Lord Rockminster rose from his chair, stretched his long legs, and threw away his cigarette.

"Very well done," said he, slowly. "Congratulate all of you."

"This is the first time I ever saw Rockminster sit out a morning performance," observed Percy Lestrange, with a playful grin.

"As for you young things," the mistress of the house said to her girl-guests, as they were all trooping in by the French windows again, "you must hurry home and get in-doors before the servants are up. I don't want this frolic to be talked about all over the town."

"A frolic, indeed!" Miss Georgie protested, as her brother was putting her cloak round her shoulders. "I don't call it a frolic at all. I call it very serious business; and I'm looking forward to winning the deepest gratitude of the English public--or at least as much of the English public as you can cram into your garden, my dear."

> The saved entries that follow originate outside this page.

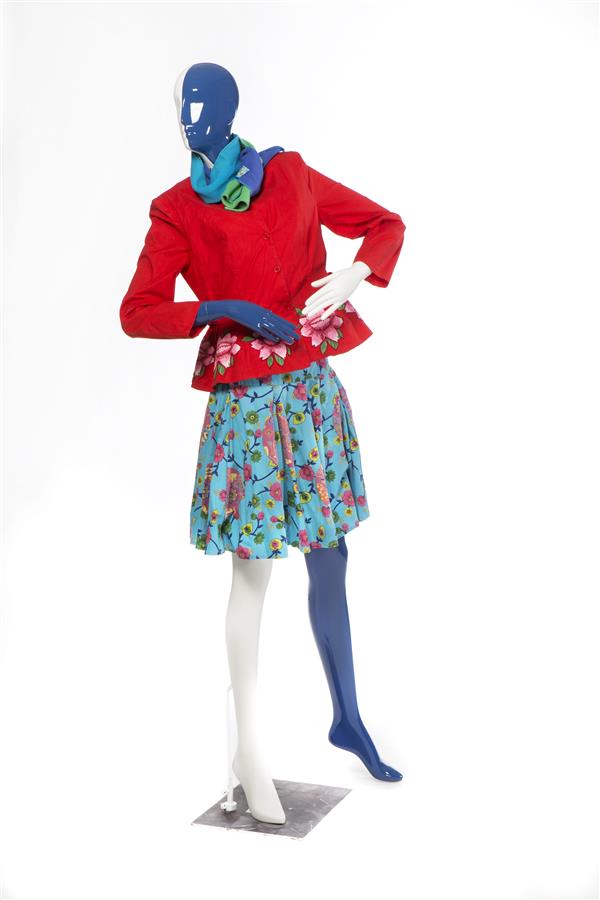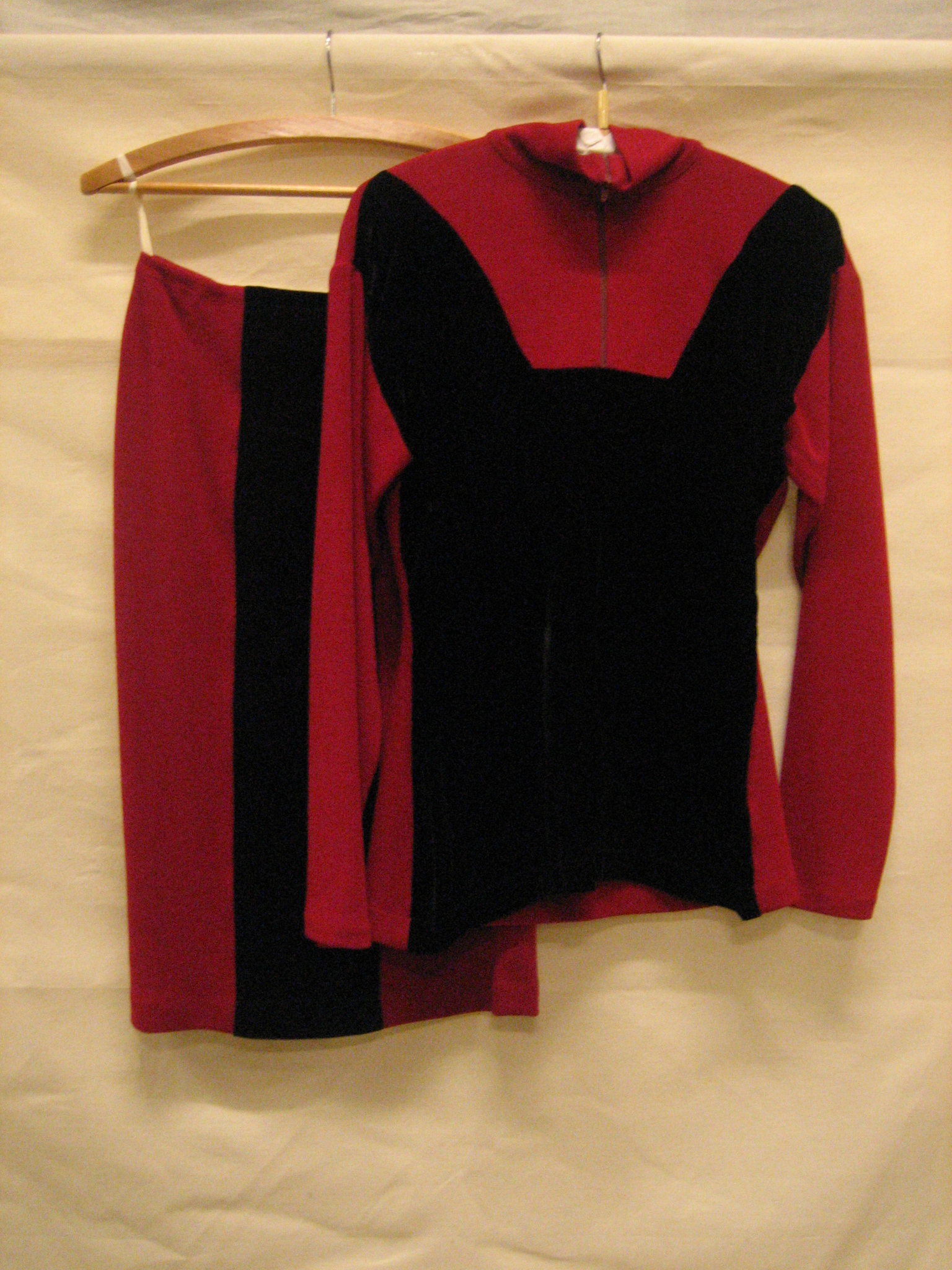 Set bestaande uit trui en rok van rood tricot en zwa...
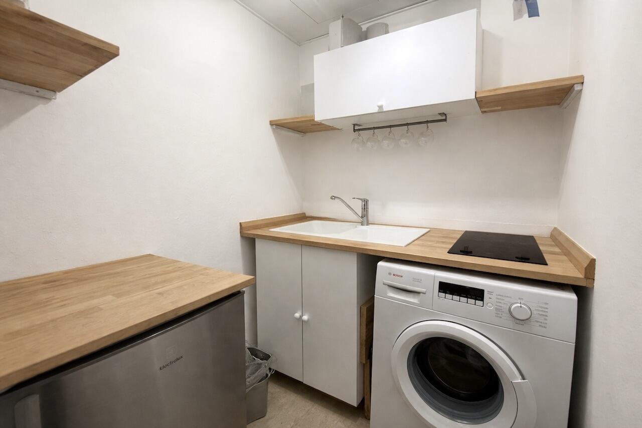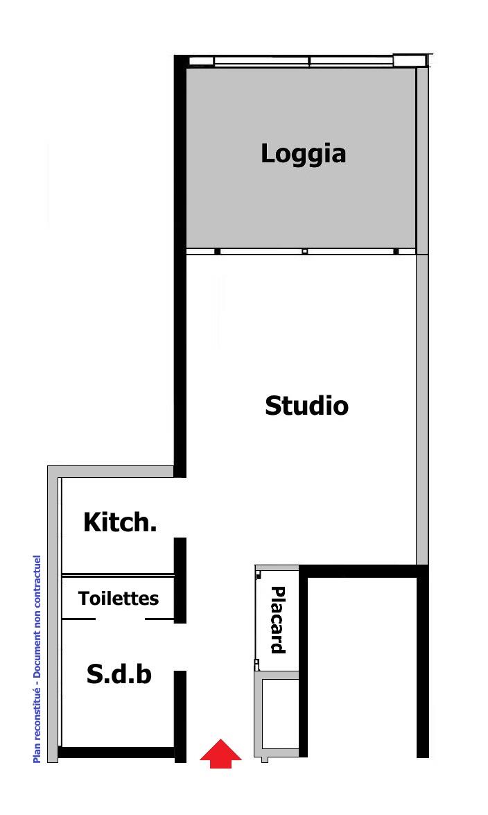 Entrée avec placard, séjour, kitchenette équipée, salle de bains complète, loggia, climatisation, double vitrage
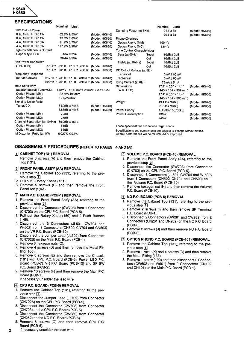 The Harman KardonModel HK640/HK660Manual 198AINTEGRATED AMPLIFIERTechnical Manualhamman/kardon06The following marks found in the parts list of this manualidentify the models as follows:HK640/HK660:International model Black versionHK640/HK660:International modelHK640 Asia/Oceania model Black versionCONTENTSSPECIFICATIONS2IC BLOCK DIAGRAM.....…14DISASSEMBLY PROCEDURES...2NIRING DIAGRAM…15CONTROLS AND FUNCTIONSSCHEMATIC DIAGRAM…15POWER CORD REPLACEMENT..........PH600 PHONO P.C.BOARD OPTIONALIGNMENT PROCEDURES.............HOW TO INSTALL........19BLOCK DIAGRAM.....3GENERAL UNIT PARTS LIST+**19GENERAL UNIT EXPLODED VIEW..........P.C.B0ARD…20GENERAL UNIT PARTS LIST.....5NIRING DIAGRAM…20P.C,B0ARDS…SCHEMATIC DIAGRAM…21ELECTRICAL PARTS LIST.ELECTRICAL PARTS LIST.22IC TERMINAL FUNCTION..13harman/kardonParts and Service Office80 Crossways Park West,Woodbury.N.Y.117971112-HK640-A A9502 300 Printed in Japan
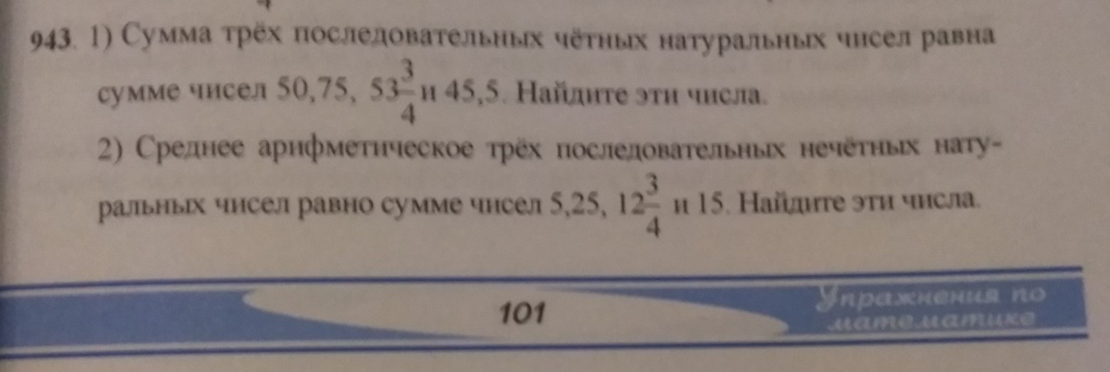 1) 50,75 + 53,75 + 45,5 = 150 - сумма трех последовательных четных натуральных чисел.
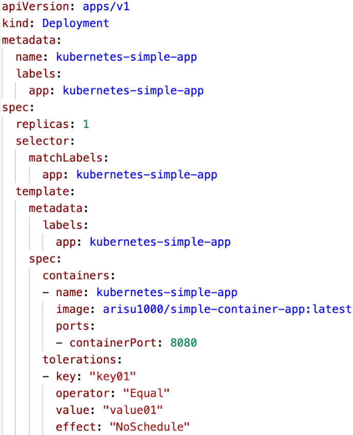 .spec.template.spec.tolerations[] : 테인트가 설정된 노드의 키-값을 적어 배치되도록 함
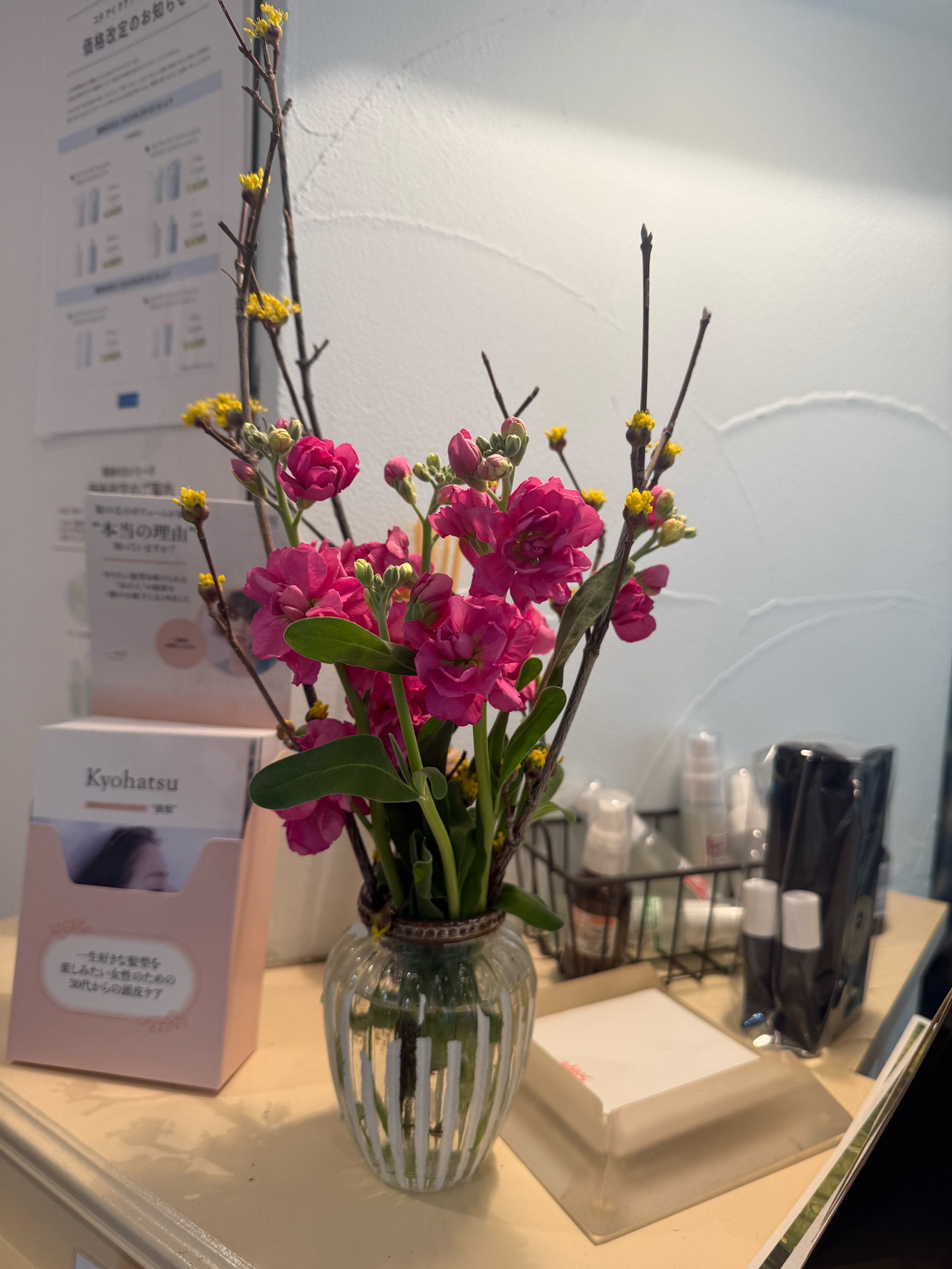 2026.02.22 Staff Blog 今週のお花 今週のお花 サンシューとストックです♪ ストックは種類別色別で春っぽく。 本来、サンシューの枝を曲げて躍動感を出したかったのですが、私にはなんちゃってで無理でした〜 #SHAPE GARDENシェイプガーデン#ドライカット#イルミナカラー#ベル・ジュバンス#ヘッドスパ#口コミ#ヘナ#コタ#着付け#成人式#卒業式ヘア#髪質改善#ホリスティックヘアカット#ハイライトを活かしたボブ#強髪#くせ毛#悩み#コタクチュール#七五三
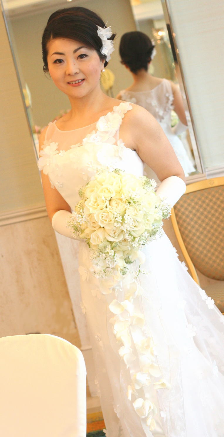 1000枚近い花のモチーフをあしらったドレスにあわせて
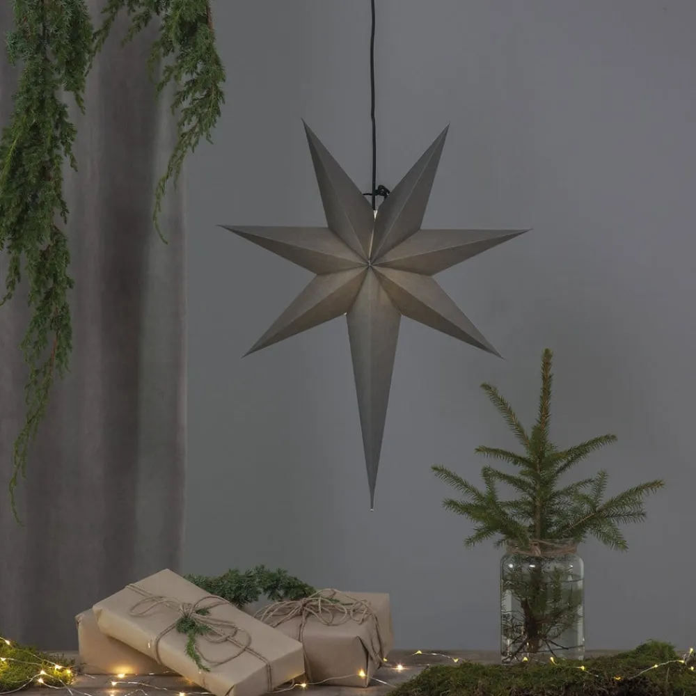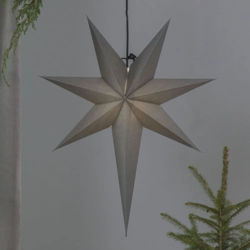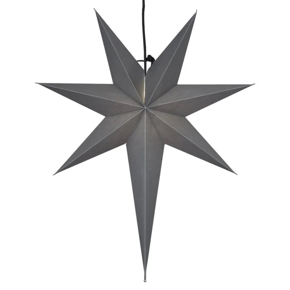 Markant formet papirstjerne Ozen i grå Den syvtakkede papirstjerne Ozen er særlig markant, fordi en af takkerne er meget længere end de andre. Den er særligt velegnet som vinduesdekoration i advents- og juletiden. Den er også et flot dekorativt tilbehør, når den hænger frit i rummet. En E14-fatning er integreret i stjernen. En pære er ikke inkluderet. Matchende lamper kan bestilles via tilbehøret – inkl. 350 cm tekstilkabel med stikprop

Then, as soon as the light wraps and dust-coats had been distributed and donned, the members of the gay little party said good-bye to Lady Adela in the front hall, and went down the carriage sweep to the gate. Here there was a division; for the Lestranges were going north by Holland Lane to Notting Hill; while Lord Rockminster and his two sisters, making for Palace Gardens Terrace, walked with Lionel Moore only as far as Campden Hill Road; thereafter he pursued his journey to Piccadilly alone.

And even now London was not fully awake, though the sun was touching the topmost branches of the trees, and here and there a high window, struck by the level rays, flashed back a gleam of gold. In this neighborhood the thoroughfares were quite deserted; silence reigned over those sleeping houses; the air was sweet and cool; now and again a stirring of wind brought a scent of summer--blossom from within the garden-enclosures. It is true that when he got down into Kensington Road he found a long procession of wagons slowly making their way into the great city; but this dull, drowsy noise was not ungrateful; in much content and idly he walked away eastward, looking in from time to time at the beautiful greensward of Kensington Gardens and Hyde Park. He was in no hurry. He liked the stillness, the gracious coolness and quietude of the morning, after the hot and feverish nights at the theatre. When at length he reached his lodging in Piccadilly, let himself in with his latch-key, and went up-stairs to his rooms, he did not go to bed at once. He drew an easy-chair to the front window, threw himself into it, lit a cigarette, and stared absently across to the branching elms and grassy undulations of the Green Park. Perhaps he was thinking of the pretty, fantastic little comedy that had just been performed up in that garden at Campden Hill--like some dream-picture out of Boccaccio. And if he chanced to recall the fact that the actor who originally played the part of Damon, at Drury Lane, some hundred and forty years ago, married in real life an earl's daughter, that was but a passing fancy. Of Lord Fareborough's three daughters, it was neither Lady Sybil nor Lady Rosamund, it was the married sister, Lady Adela Cunyngham, who had constituted herself his particular friend.